Stored entries
++++++++++++++++++++

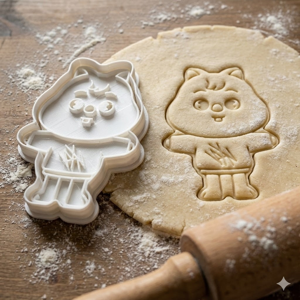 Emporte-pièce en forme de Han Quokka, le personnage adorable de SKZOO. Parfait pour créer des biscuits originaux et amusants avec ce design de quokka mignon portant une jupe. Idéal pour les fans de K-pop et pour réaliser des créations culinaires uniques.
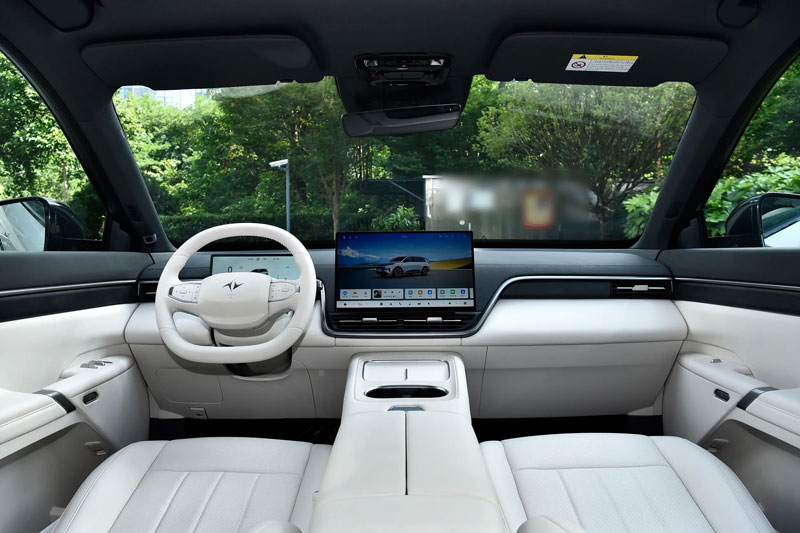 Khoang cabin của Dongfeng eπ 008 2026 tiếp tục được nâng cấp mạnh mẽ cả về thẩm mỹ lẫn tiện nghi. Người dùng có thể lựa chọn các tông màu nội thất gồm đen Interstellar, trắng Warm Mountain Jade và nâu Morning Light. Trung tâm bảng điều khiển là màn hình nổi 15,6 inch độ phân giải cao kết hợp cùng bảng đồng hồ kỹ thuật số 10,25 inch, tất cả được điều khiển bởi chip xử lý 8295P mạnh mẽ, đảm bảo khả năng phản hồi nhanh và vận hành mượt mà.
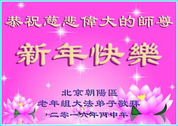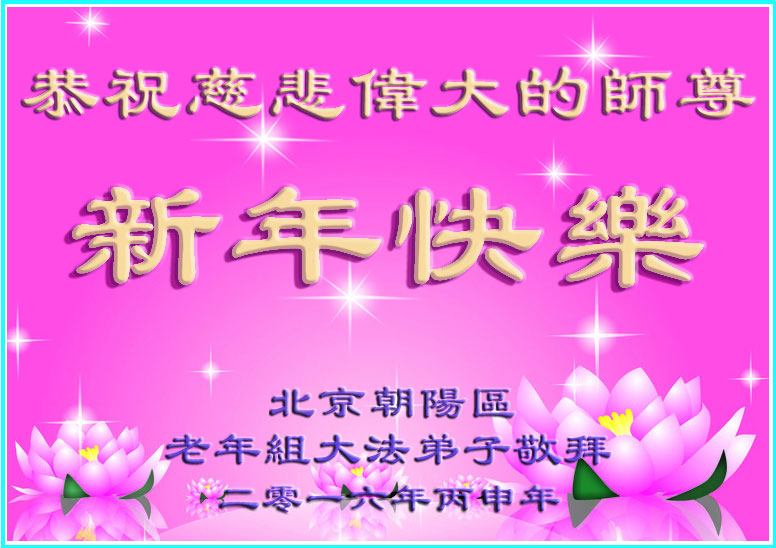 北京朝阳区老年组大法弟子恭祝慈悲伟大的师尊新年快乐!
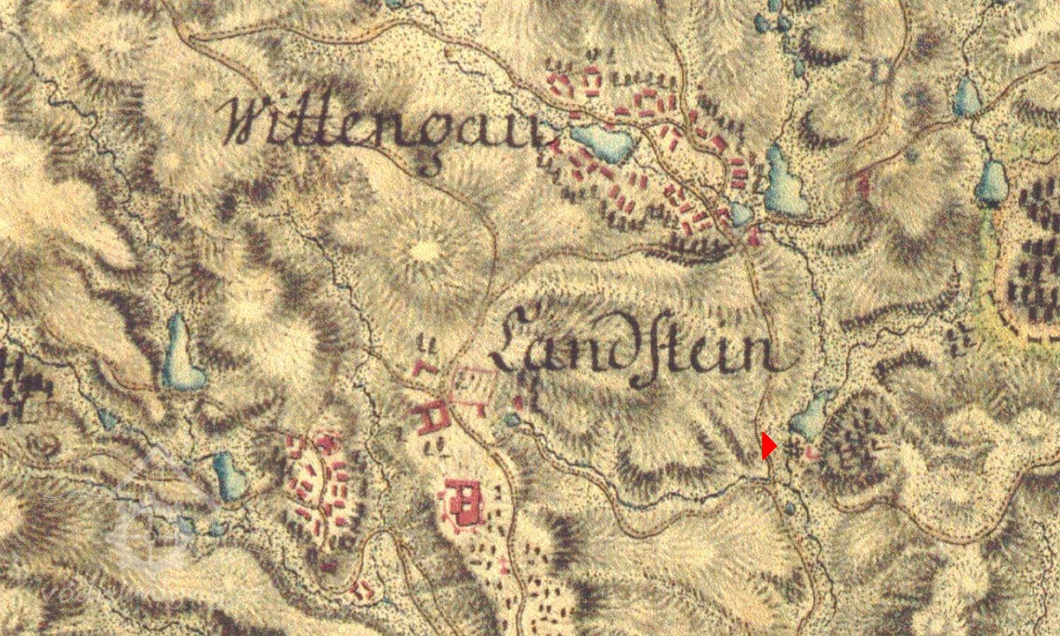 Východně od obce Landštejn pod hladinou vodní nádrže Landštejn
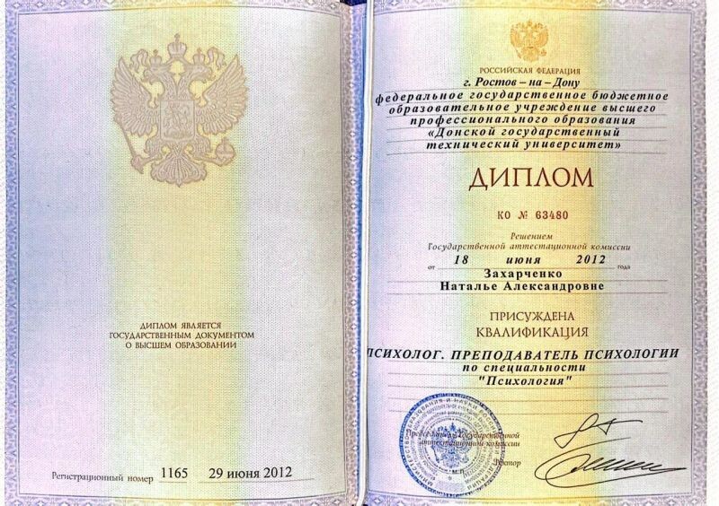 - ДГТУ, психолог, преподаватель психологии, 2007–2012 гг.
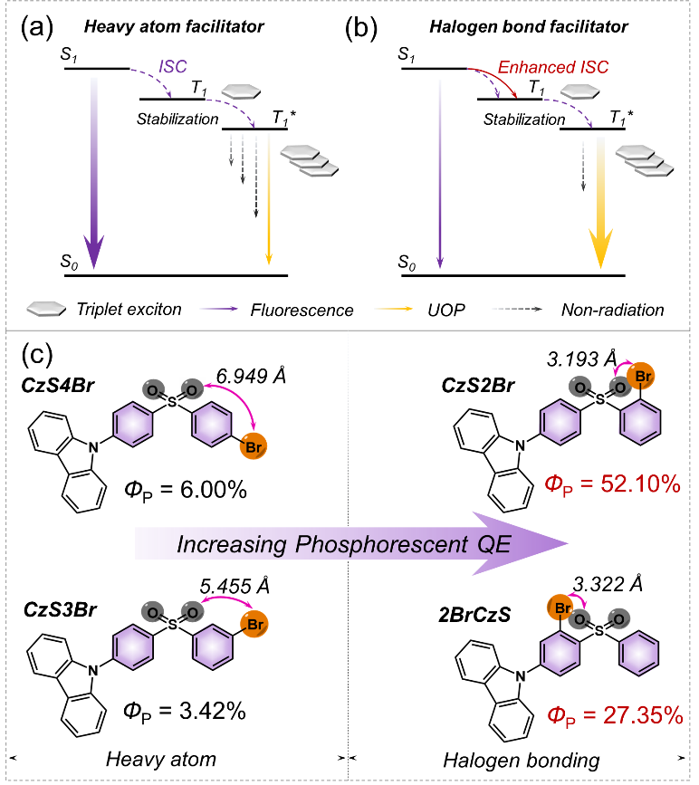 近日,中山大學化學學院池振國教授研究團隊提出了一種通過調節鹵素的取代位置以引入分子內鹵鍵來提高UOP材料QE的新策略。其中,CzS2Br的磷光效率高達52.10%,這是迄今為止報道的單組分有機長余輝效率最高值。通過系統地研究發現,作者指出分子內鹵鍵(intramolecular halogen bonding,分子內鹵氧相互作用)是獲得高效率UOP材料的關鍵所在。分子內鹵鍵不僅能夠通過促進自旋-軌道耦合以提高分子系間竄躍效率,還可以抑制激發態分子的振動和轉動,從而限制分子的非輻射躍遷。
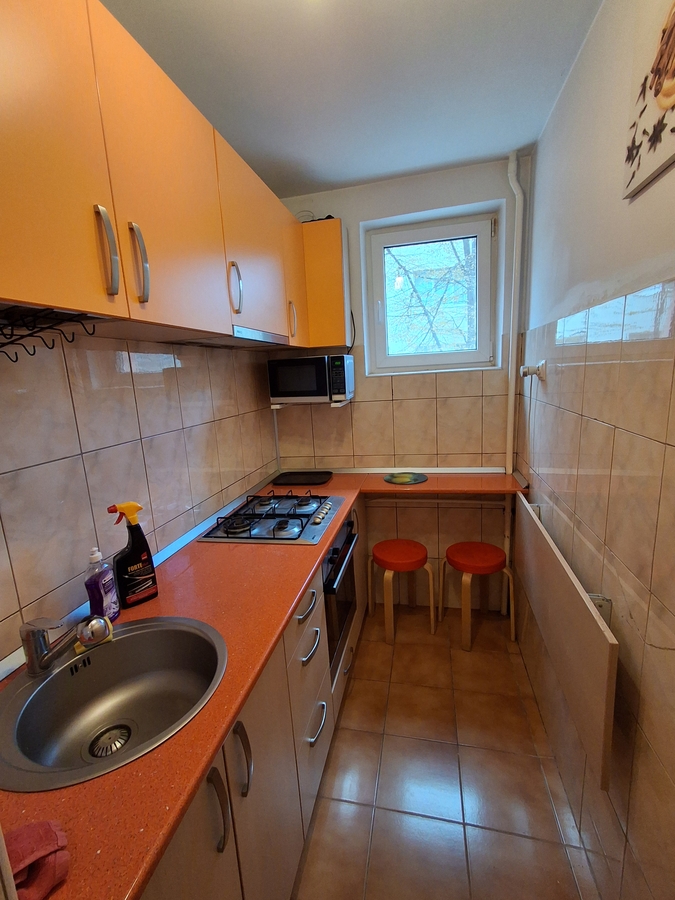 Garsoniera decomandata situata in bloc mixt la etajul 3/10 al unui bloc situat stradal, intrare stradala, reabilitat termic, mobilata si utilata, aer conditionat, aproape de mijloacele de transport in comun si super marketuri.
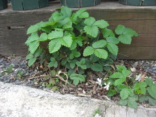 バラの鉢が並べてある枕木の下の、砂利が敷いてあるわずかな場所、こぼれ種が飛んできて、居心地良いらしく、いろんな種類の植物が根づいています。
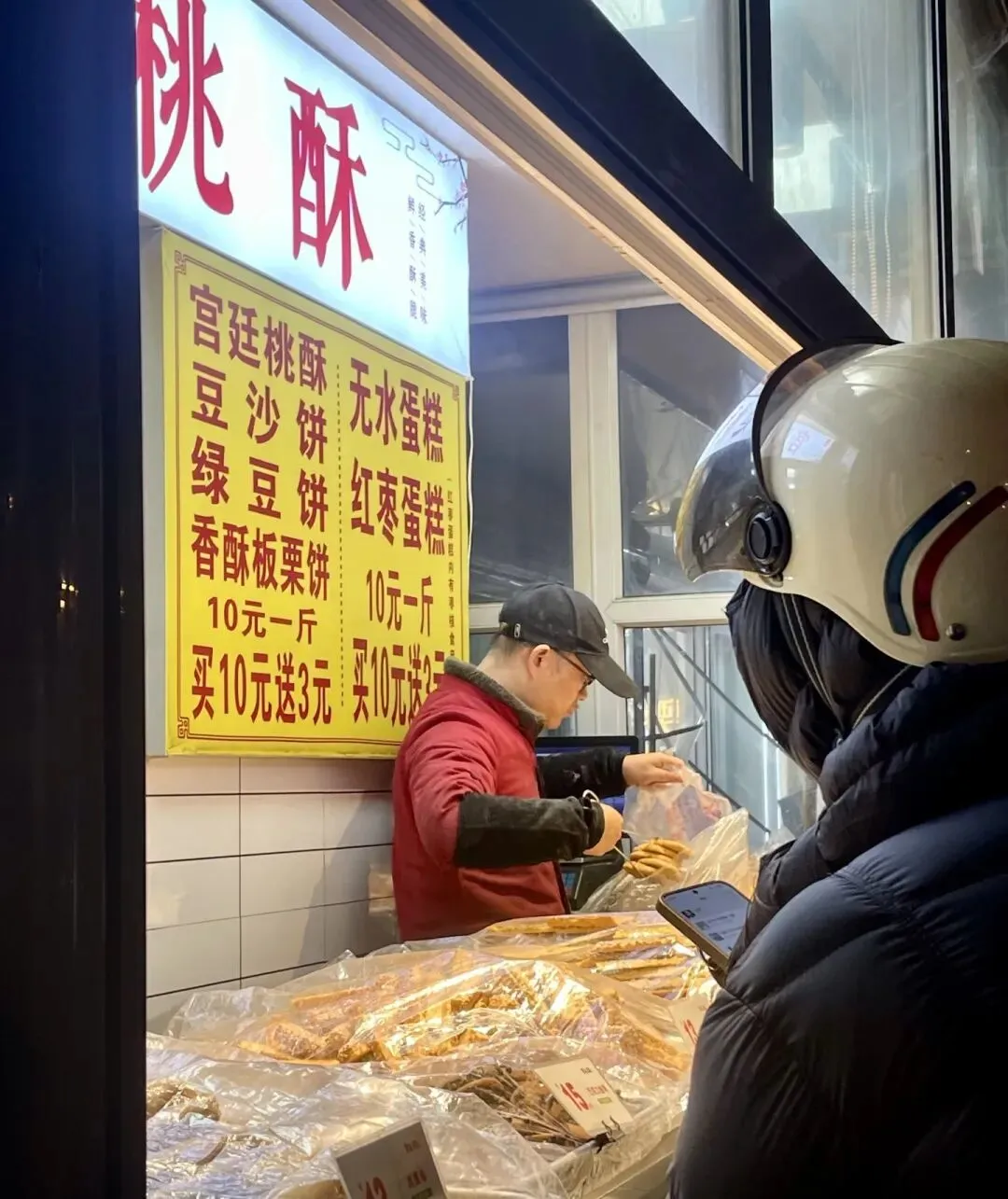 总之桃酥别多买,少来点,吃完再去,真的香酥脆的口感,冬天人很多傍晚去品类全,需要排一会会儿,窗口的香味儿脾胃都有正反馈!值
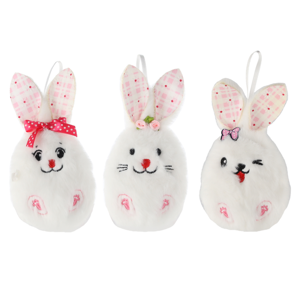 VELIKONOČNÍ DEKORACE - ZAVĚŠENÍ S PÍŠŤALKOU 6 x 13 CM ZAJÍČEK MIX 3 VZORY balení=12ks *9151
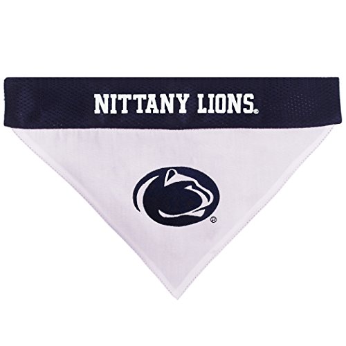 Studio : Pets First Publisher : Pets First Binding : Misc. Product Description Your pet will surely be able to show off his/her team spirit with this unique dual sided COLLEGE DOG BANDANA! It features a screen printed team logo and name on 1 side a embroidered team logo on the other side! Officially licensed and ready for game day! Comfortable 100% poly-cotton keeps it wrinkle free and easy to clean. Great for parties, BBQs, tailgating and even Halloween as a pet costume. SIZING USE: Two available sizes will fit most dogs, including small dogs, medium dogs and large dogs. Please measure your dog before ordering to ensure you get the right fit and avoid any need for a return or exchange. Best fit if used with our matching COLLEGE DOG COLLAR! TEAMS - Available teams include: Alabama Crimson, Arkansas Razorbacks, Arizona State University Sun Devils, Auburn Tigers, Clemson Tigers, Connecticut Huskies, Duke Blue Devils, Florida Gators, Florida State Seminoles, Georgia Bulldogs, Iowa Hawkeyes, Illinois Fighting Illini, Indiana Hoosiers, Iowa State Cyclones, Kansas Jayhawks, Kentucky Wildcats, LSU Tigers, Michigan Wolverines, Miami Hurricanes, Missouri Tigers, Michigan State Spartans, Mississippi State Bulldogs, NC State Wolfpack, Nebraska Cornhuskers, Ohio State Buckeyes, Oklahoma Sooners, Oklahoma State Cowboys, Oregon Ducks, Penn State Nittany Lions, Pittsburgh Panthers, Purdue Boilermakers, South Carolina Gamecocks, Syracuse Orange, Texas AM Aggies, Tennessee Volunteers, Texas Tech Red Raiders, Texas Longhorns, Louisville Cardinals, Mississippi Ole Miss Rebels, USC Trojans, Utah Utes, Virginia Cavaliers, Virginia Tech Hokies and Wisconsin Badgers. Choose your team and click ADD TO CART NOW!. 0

++++++++++++++++++++

Problem description » From the records above, copy exactly the stretch from the line holding "Khoang cabin của" through the line holding "VELIKONOČNÍ DEKORACE - ZAVĚŠENÍ", both ends included, without the pictures.

Written response »
 Khoang cabin của Dongfeng eπ 008 2026 tiếp tục được nâng cấp mạnh mẽ cả về thẩm mỹ lẫn tiện nghi. Người dùng có thể lựa chọn các tông màu nội thất gồm đen Interstellar, trắng Warm Mountain Jade và nâu Morning Light. Trung tâm bảng điều khiển là màn hình nổi 15,6 inch độ phân giải cao kết hợp cùng bảng đồng hồ kỹ thuật số 10,25 inch, tất cả được điều khiển bởi chip xử lý 8295P mạnh mẽ, đảm bảo khả năng phản hồi nhanh và vận hành mượt mà.
 北京朝阳区老年组大法弟子恭祝慈悲伟大的师尊新年快乐!
 Východně od obce Landštejn pod hladinou vodní nádrže Landštejn
 - ДГТУ, психолог, преподаватель психологии, 2007–2012 гг.
 近日,中山大學化學學院池振國教授研究團隊提出了一種通過調節鹵素的取代位置以引入分子內鹵鍵來提高UOP材料QE的新策略。其中,CzS2Br的磷光效率高達52.10%,這是迄今為止報道的單組分有機長余輝效率最高值。通過系統地研究發現,作者指出分子內鹵鍵(intramolecular halogen bonding,分子內鹵氧相互作用)是獲得高效率UOP材料的關鍵所在。分子內鹵鍵不僅能夠通過促進自旋-軌道耦合以提高分子系間竄躍效率,還可以抑制激發態分子的振動和轉動,從而限制分子的非輻射躍遷。
 Garsoniera decomandata situata in bloc mixt la etajul 3/10 al unui bloc situat stradal, intrare stradala, reabilitat termic, mobilata si utilata, aer conditionat, aproape de mijloacele de transport in comun si super marketuri.
 バラの鉢が並べてある枕木の下の、砂利が敷いてあるわずかな場所、こぼれ種が飛んできて、居心地良いらしく、いろんな種類の植物が根づいています。
 总之桃酥别多买,少来点,吃完再去,真的香酥脆的口感,冬天人很多傍晚去品类全,需要排一会会儿,窗口的香味儿脾胃都有正反馈!值
 VELIKONOČNÍ DEKORACE - ZAVĚŠENÍ S PÍŠŤALKOU 6 x 13 CM ZAJÍČEK MIX 3 VZORY balení=12ks *9151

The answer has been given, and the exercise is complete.